Disclosure of Invention
An object of the present invention is to provide a seal ring having high sealing performance.
According to an aspect of the present invention, there is provided a seal ring having one end face provided with one or more groove regions for pumping liquid to the outside of the seal ring, and/or a seal dam region for raising the pressure of the liquid to suppress leakage flow.
According to the seal ring of the above aspect of the invention, the outer profile of the groove region forces the liquid to rotate together when rotated, to pump the liquid out of the seal ring and/or to suck the liquid in.

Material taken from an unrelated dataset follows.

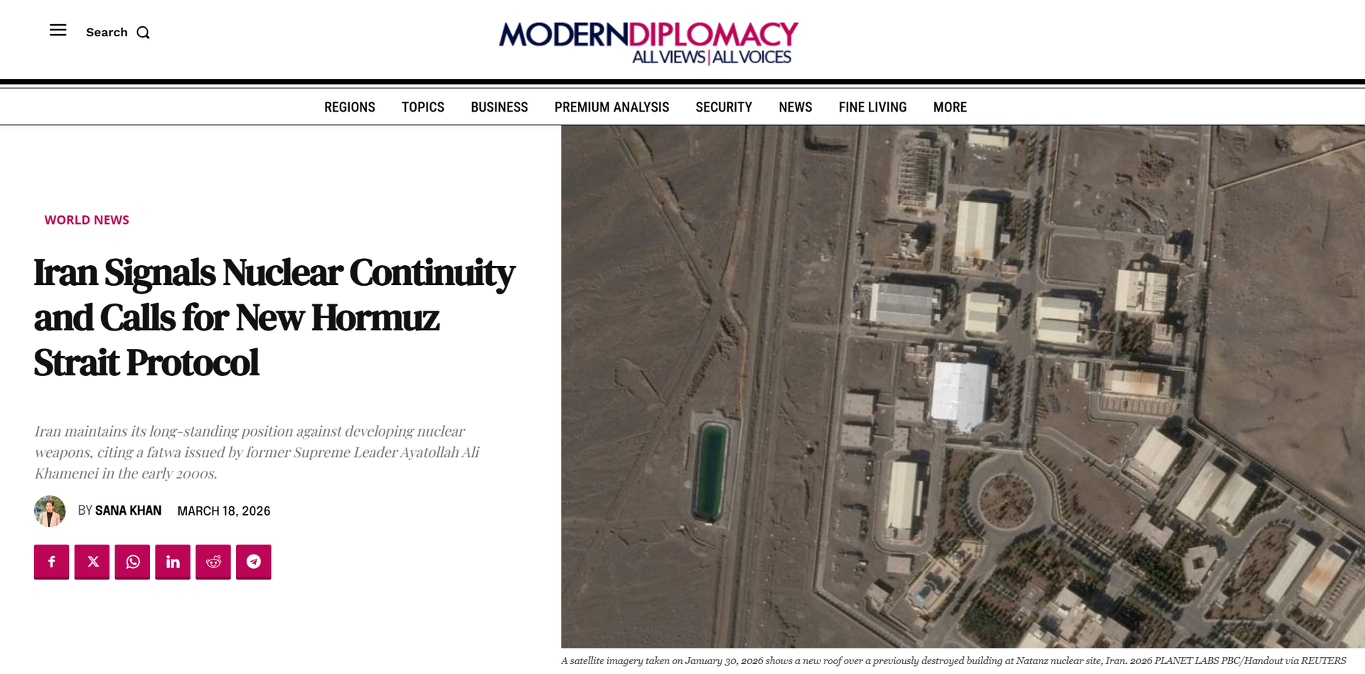 «Подтверждение фетвы о ядерном (оружии. — RT) демонстрирует преемственность и сигнализирует международным наблюдателям о том, что его позиция по ядерному вопросу носит оборонительный характер. В то же время призывы к заключению нового протокола по Ормузскому проливу направлены на утверждение влияния Ирана на важнейший для мировой энергетики маршрут, что представляет собой долгосрочную проблему для международного судоходства и дипломатии», — говорится в материале.

According to the seal ring of the above aspect of the invention, the groove region is configured to allow the liquid in the groove region to flow around the inner wall of the groove region, and the inner wall of the groove region is configured to allow the liquid to flow toward the seal dam region to block the flow of the leakage flow and/or increase the rigidity of the liquid film in the seal gap.

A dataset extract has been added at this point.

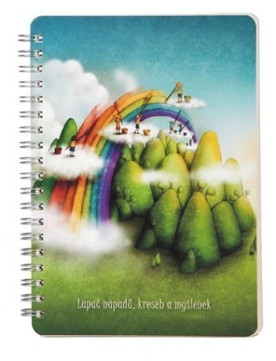 Edícia Dúhová mačka, formát B6, čistý (bez liniek), 50 listov, krúžková TWIN WIRE väzba, špeciálny knižný papier (Holmen book), motív Dúha - Lapač nápadov a kresieb. <br> <br> Poznámkové bloky z edície Dúhová mačka vznikli spoluprácou spoločnosti BOBO a ilustrátorky Lucie Ernestovej. Praktický krúžkový zápisník vreckového formátu B6 s motívom Dúha. Inšpiruje Vás k lapaniu nápadov, ktoré poletujú všade naokolo. <br><br> Krúžkový blok <br> • Krásna farebná obálka s ilustráciou od Lucie Ernestovej <br> • Vysoká gramáž papiera <br> • Krémový Holmen Book papier <br> • 50 nelinkovaných listov <br> • Zadná obálka z tvrdého kartónu pre stabilný zápis <br> • Zviazané <br> • Formát zápisníka je B6, teda 12 x 17 cm <br><br> Lucie Ernestová Som ilustrátorka, grafička a mama dvoch chlapcov. Vymýšľam a vydávam hry šité na mieru detskému humoru a fantázii a tiež poznámkové bloky v krúžkovej väzbe. Kreslím inspiračné obrázky na dôležité životné témy, ktoré sa objavujú aj na obálkach zápisníkov, blokov alebo napríklad Vymaľovánok. Obrázky sa stávajú zrkadlom našich vlastných postojov a odrazovým mostíkom pre zaujímavé rozhovory. Sú bezpochyby vhodným pomocníkom pre všetkých múdrych rodičov a učiteľov, ktorým sa môžu stať sprievodcovia ich vlastnými pohľadmi na svet. <br> <br> Holmen Book papier<br> Jedná sa o špeciálne knižné papiere, ktorý sa skvele hodí na písanie a kreslenie. Vďaka krémovému vzhľadu je príjemnejší na prácu ako klasický bielený papier. Holmen Book papier je síce drevitý, ale papier má hneď niekoľko certifikátov, ktoré zaručujú ekologicky šetrný papier voči prírode – FSC®, PEFC™ a EU Ecolabel. <br><br> TWIN WIRE väzba<br> TWIN WIRE väzba je najdokonalejší spôsob použitia špirály v knihárskej väzbe. Umožňuje ľahké otáčanie listov až o 360 ° bez vzájomného posunutia stránok. Blok môžete nechať otvorený na zvolenej stránke a samovoľne sa nezavrie narozdiel od šitých väzieb.

According to the seal ring of the above aspect of the invention, the groove region comprises one or more unidirectional spiral grooves and/or one or more bidirectional spiral grooves, wherein the unidirectional spiral grooves have an airfoil shape capable of pumping liquid to the outside of the seal ring, and/or the bidirectional spiral grooves have an airfoil shape capable of pumping liquid to the outside of the seal ring, and/or the grooves are evenly distributed along the center of the seal ring.

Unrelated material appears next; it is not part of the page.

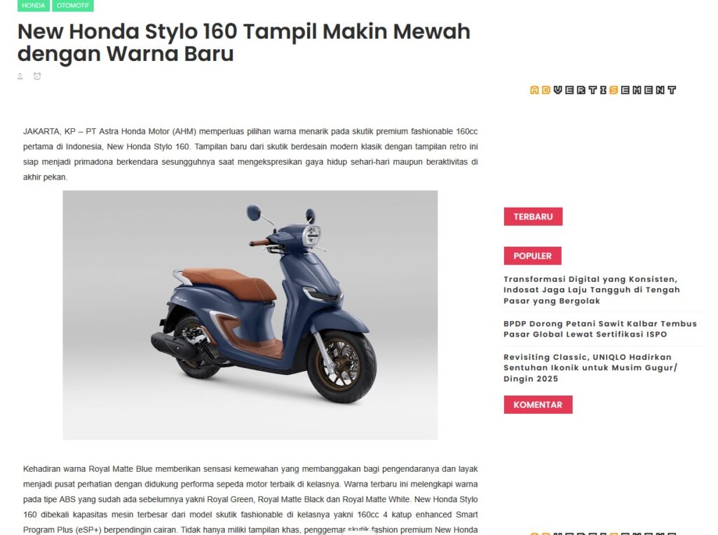 New Honda Stylo 160 Tampil Makin Mewah dengan Warna Baru by Muhammad Arif 21 Agustus 2025 in Silahkan kunjungi https://www.kapuaspost.web.id/2025/08/new-honda-stylo-160-tampil-makin-mewah.html. Tags: astra Astra Motor kalbar Astra Motor Pontianak astramotor honda kalbar pontianak sepeda motor You Might Like Regional Public Launching New ADV160 The SUV Pride Grand Launching New PCX 160 Truly Exceptional! Tetap hati-hati ya bro sist berkendara saat hujan.

According to the seal ring of the above aspect of the invention, the seal ring gap is adjusted by adding or removing a shim pack mounted between the bearing body and the bearing holder of the pump or by adjusting the thickness of the shim pack; and/or the sealing ring comprises a planar sealing ring, the end face is a sealing face, and the gasket group comprises one or more gaskets.
According to another aspect of the present invention there is provided a pump comprising a seal ring mounted on an impeller, one end face of the seal ring being provided with one or more groove regions for pumping liquid outwardly of the seal ring, and/or a seal dam region for raising the pressure of the liquid to inhibit leakage flow.
According to the pump of the above aspect of the invention, the outer profile of the groove region urges the liquid to rotate together when rotating with the impeller, so as to pump the liquid out of the sealing ring and/or suck the liquid in.
According to the pump of the above aspect of the invention, the groove region is adapted to cause the liquid in the groove region to flow around an inner wall of the groove region when rotating with the impeller, the inner wall of the groove region being adapted to cause the liquid to flow toward the seal dam region to impede the flow of the leakage flow and/or increase the stiffness of the liquid film in the seal gap.
According to the pump of the above aspect of the present invention, the groove region includes one or more unidirectional spiral grooves and/or one or more bidirectional spiral grooves, wherein the unidirectional spiral grooves have an airfoil shape capable of pumping liquid to the outside of the seal ring, and/or the bidirectional spiral grooves have an airfoil shape capable of pumping liquid to the outside of the seal ring, and/or the grooves are uniformly distributed along the center of the seal ring; and/or the sealing ring comprises a planar sealing ring, and the end face is a sealing face.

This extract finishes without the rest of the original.